Pagina di diario. Incontri sull'autobus.



Sul bus a Bologna incontri chiunque. Ragazzi che vanno o tornano da scuola, adolescenti che escono per il centro, adulti che lavorano, vecchietti che vanno a fare la spesa, pazzi e universitari. Prima che le nostre vite venissero completamente scombussolate da questo virus, viaggiare in bus per me rappresentava una specie di avventura. Ogni volta succedeva qualcosa. 

Prendo quasi sempre le stesse linee: l'11, il 36 o il 19. 

Un giorno incontrai un uomo con la sindrome di Tourette, o meglio, io pensavo che ce l'avesse e ora spiego perché. Ero sull'11, mi sembra, con la testa inchiodata al telefono come una vera centennial. Poi qualcosa attirò la mia attenzione: un uomo vicino alle porte di uscita aveva degli strani tic. Scalciava ogni tanto col piede destro e faceva delle smorfie con la faccia come se stesse addentando del cibo invisibile. 

Ad una fermata salì una ragazza che andò a sedersi dietro e lui dopo averla guardata mezzo secondo guardando a terra disse: <<Che bella figa>>. A questa frase molti si allontanarono da lui, ma non era una persona pericolosa, non capivo perché. Forse è vero che la lingua ferisce più della spada. Fu molto divertente quando ad un'altra fermata scese una donna dai tratti orientali, perché lui mentre la seguiva con lo sguardo, esclamò: <<Chin, chong, chang, ching, chang>>. 

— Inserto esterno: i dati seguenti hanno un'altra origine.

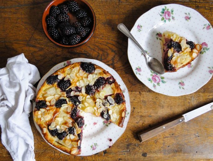 Then I kept looking for the prettiest blackberries I could find, and brought home a few flawless punnets a couple of days ago. The plan was to make not one, but two desserts impossible not to like, thus hopefully suitable for spreading and regaining blackberry love: a rustic blackberry and pear clafoutis, and a light-as-a-feather millefeuille, a` thousand layers` of puff pastry with blackberries and creamy vanilla mascarpone. Both turned out delicious, very easy to make, and most importantly make the blackberries stand out and shine. And while I can´t decide which of the two I prefer – perhaps the clafoutis for breakfast and the millefeuille for lunch? -, I am happy to report that until now, I haven´t heard those blackberry voices again.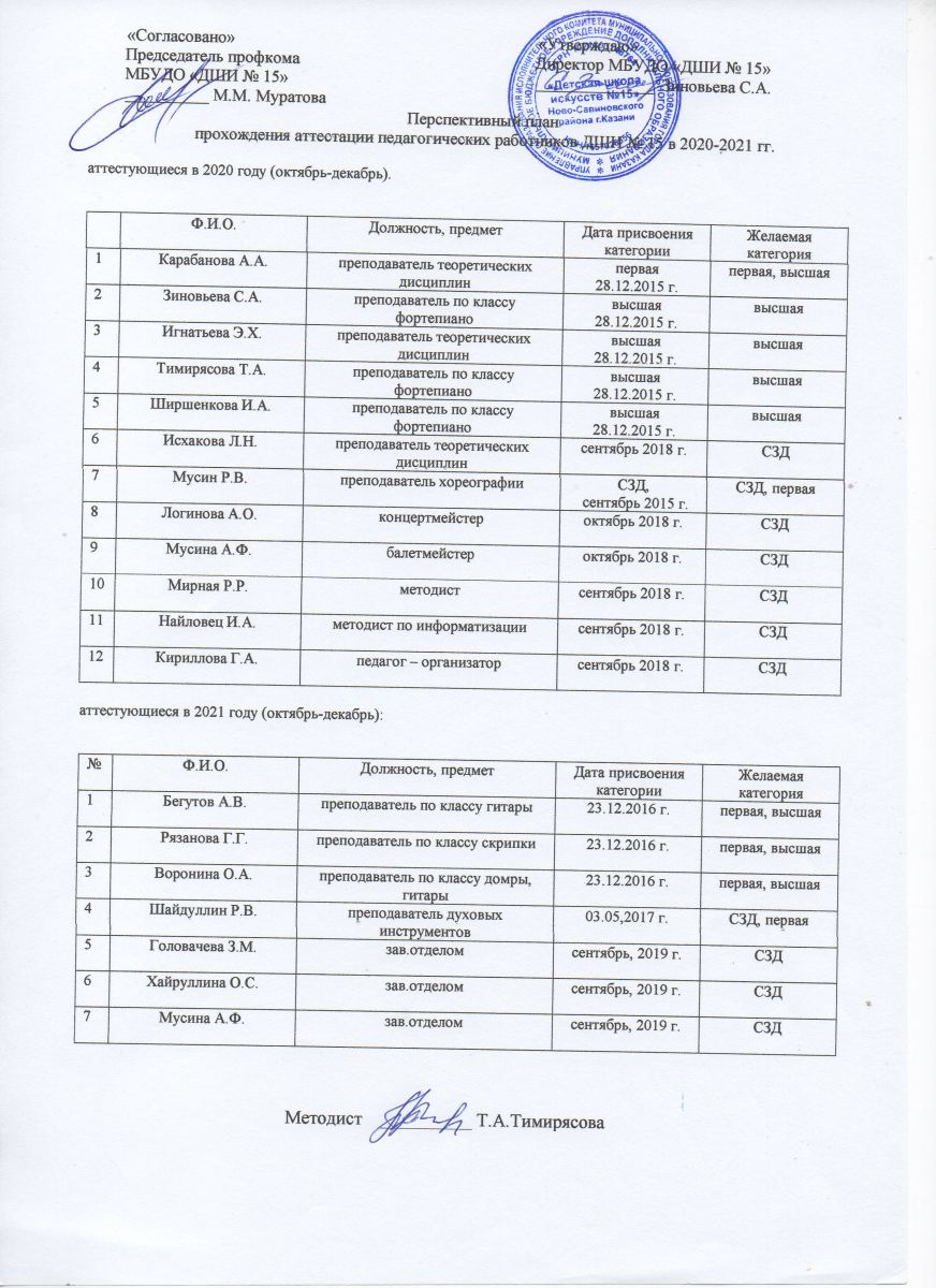 Перспективный план прохождения аттестации педагогических работников ДШИ №15 на 2020-2021 учебный год

Una mattina, invece, presi il bus per andare a sostenere un esame. Non volevo sedermi, quindi mi sistemai più o meno al centro, poggiata al vetro. Sentivo che in fondo al bus c'era una donna che cantava, non la vedevo quindi doveva essere seduta. Cantava canzoni che non conoscevo, forse era dialetto bolognese. Mi diverto moltissimo a vedere le reazioni degli altri. Immaginate un autobus con un discreto numero di passeggeri che viaggia nel silenzio di una mattinata infrasettimanale e che questo silenzio ogni tanto viene interrotto da una signora che canta, o meglio urla, con una voce stonata e stridula. La maggior parte delle facce dei passeggeri resta quasi impassibile, come se ignorare il suono lo facesse automaticamente scomparire. Altri invece sono infastiditi o curiosi. Io mi diverto. Per qualche minuto la cantante fa silenzio, stava zitta e sembrava aver terminato il suo concerto. Dopo pochissimo tempo, ad una fermata, sale un ragazzo che si siede proprio di fronte a me e inizia a parlare da solo. Nonostante avesse un accento settentrionale lo sfondo del suo telefono mostrava il ritratto di San Gennaro e aveva in mano alcune dispense di non so quale materia. Questo ragazzo era molto allegro, teneva un dialogo con se stesso e rideva alle cose che lui stesso diceva. Ogni tanto parlava e ogni tanto cantava tenendo il ritmo con le mani sulle ginocchia. Io dentro stavo morendo, volevo scoppiare a ridere ma non potevo. Ad un certo punto il bus si ferma ad un semaforo rosso. Alla corsia di destra fa la stessa cosa una volante della polizia. La donna che stava dietro, e che fino a quel momento era stata zitta, non appena vide la macchina della polizia accostata proprio vicino a noi, urlò:<< LA POLIZIA!! CHE SCHIFO LA POLIZIA!!>>. La prima cosa che ho fatto è stata osservare il ragazzo di fronte a me, per vedere come avrebbe reagito, perché sapevo che avrebbe fatto qualcosa. E infatti prima si è rallegrato con una risatina e poi ha iniziato a cantare una canzoncina: <<Digoooos boiaaaa, Digoooos boiaaaa>>. Per un attimo ho avuto l'impulso di non scendere alla mia fermata e restare con loro, ma invece andai a fare l'esame. Mi portarono fortuna.